Polka mimo porażki ma powody do zadowolenia, po raz pierwszy w karierze awansowała na drugie miejsce w rankingu WTA.
***
Agnieszka Radwańska zagra z Sereną Williams w swoim pierwszym
wielkoszlemowym finale w turnieju na trawiastych kortach w Wimbledonie.
Poza Polakami w Radwańską w Londynie nie wierzy prawie nikt –
komentatorzy boją się nudnego finału z szybkim zwycięstwem Sereny.

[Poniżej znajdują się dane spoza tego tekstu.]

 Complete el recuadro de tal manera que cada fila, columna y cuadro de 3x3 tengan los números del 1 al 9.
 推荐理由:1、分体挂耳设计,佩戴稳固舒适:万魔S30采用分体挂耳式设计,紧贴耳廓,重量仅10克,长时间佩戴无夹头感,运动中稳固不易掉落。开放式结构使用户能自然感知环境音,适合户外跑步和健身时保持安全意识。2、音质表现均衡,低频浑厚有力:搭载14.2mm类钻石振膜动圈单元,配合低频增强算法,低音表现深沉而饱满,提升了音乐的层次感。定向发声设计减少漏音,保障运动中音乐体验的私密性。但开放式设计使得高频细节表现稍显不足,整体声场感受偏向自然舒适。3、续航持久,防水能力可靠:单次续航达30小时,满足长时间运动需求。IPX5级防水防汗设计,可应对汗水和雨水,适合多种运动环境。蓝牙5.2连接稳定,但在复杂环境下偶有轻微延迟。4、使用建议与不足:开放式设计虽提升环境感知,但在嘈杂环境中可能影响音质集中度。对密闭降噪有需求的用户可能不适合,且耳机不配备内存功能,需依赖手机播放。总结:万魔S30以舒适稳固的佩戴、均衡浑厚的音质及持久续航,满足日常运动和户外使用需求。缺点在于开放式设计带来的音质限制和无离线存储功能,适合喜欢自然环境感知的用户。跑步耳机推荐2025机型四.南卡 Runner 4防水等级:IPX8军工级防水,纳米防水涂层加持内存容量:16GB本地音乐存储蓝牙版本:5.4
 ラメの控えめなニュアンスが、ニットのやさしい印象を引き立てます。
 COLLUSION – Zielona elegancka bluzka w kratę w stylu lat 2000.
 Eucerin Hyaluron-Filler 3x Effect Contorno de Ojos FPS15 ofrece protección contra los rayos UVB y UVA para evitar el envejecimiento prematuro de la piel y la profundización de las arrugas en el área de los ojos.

Agnieszka Radwańska od kilku dni choruje. - Niestety, złapałam chorobę górnych dróg układu oddechowego, która wpływa na mój nos i gardło. Grałam tu dużo meczów w deszczu i przy zimnym wietrze i od kilku dni nie czuję się dobrze. Najważniejsze, że na korcie czuję się dobrze i gram dobry tenis, chociaż poza kortem nie jestem w stanie zbyt wiele mówić - wyjaśniała w piątek w Londynie w oświadczeniu Agnieszka Radwańska. - Jak wszyscy widzieli, nie byłam w stanie dokończyć wczoraj konferencji prasowej. Miałam nadzieję, że przez noc mi się polepszy i powiem coś dzisiaj, ale, niestety, nie mogę mówić za długo. Bardzo mi przykro - przepraszała.

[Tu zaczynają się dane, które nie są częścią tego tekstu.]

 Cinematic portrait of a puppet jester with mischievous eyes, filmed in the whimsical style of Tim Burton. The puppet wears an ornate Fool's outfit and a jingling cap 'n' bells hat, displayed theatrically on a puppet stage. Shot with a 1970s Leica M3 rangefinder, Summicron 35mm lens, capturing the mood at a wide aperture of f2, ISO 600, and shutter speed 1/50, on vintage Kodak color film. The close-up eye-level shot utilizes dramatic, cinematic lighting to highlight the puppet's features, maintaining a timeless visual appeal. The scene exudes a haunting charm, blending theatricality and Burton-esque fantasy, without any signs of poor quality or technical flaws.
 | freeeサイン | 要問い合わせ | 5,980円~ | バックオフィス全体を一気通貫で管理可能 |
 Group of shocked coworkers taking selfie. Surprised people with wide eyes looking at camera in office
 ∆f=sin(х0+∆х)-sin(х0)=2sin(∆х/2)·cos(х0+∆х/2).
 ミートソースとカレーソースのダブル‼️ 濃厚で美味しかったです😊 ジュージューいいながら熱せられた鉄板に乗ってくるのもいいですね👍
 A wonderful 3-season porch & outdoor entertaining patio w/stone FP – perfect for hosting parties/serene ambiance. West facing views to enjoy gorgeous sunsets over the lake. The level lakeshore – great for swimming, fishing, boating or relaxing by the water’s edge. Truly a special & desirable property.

- Co do meczu z Sereną, grałyśmy ze sobą parę razy dawno temu. Myślę, że to będzie kolejne wyzwanie, zwłaszcza tu, na trawie. W tej chwili gra niesamowity tenis i nie mam nic do stracenia, muszę dać z siebie wszystko, i zobaczymy - mówiła tenisistka. - Wszyscy marzą w dzieciństwie o tym, żeby być nr. 1, więc cieszę się, że mam szansę grać o najwyższą pozycję rankingu. Wciąż jednak przede mną bardzo trudny mecz. Oczywiście, zrobię co w mojej mocy, żeby zagrać dobrze i wygrać, ale to nie będzie łatwe - zastrzega Polka. - Naprawdę się cieszę, że tak bardzo podskoczyłam w tym roku w rankingu. To chyba najlepsze dwa tygodnie mojej kariery, pierwszy finał wielkiego szlema i najwyższy ranking w karierze, nieważne więc, jaki będzie jutro wynik.
Brytyjska prasa
Większość zagranicznych ekspertów i dziennikarzy nie daje Agnieszce Radwańskiej szans na zwycięstwo. W brytyjskiej prasie mecz przedstawiany jest w kontekście wielkiego powrotu Sereny Williams. „Times” poświęcił naszej tenisistce niewielki artykuł, gdzie autor - Alyson Rudd koncentruje się na chorobie Polki i podkreśla, że Radwańska jest bardzo krucha i miała w przeszłości problem ze stopą i ręką, ale mimo tego jest bardzo twarda i wytrzymała. W innym tekście w „Timesie" Virginia Wade, brytyjska zwyciężczyni Wimbledonu z 1977 r., obawia się jednostronnego finału. - Agnieszka jest chora, i nie grała jeszcze w tym roku w Londynie z kimś tak mocnym jak Serena. Dobrze czuje piłkę, umie czytać grę i przewidywać, ale obawiam się, że to za mało, żeby wygrać z Amerykanką. Wade przypomniała, że ostatni trzysetowy finał był w 2006 r., gdy Amelie Mauresmo zaskoczyła Justine Henin. - Nie sądzę, że tym razem dojdzie do trzech setów – podkreśliła.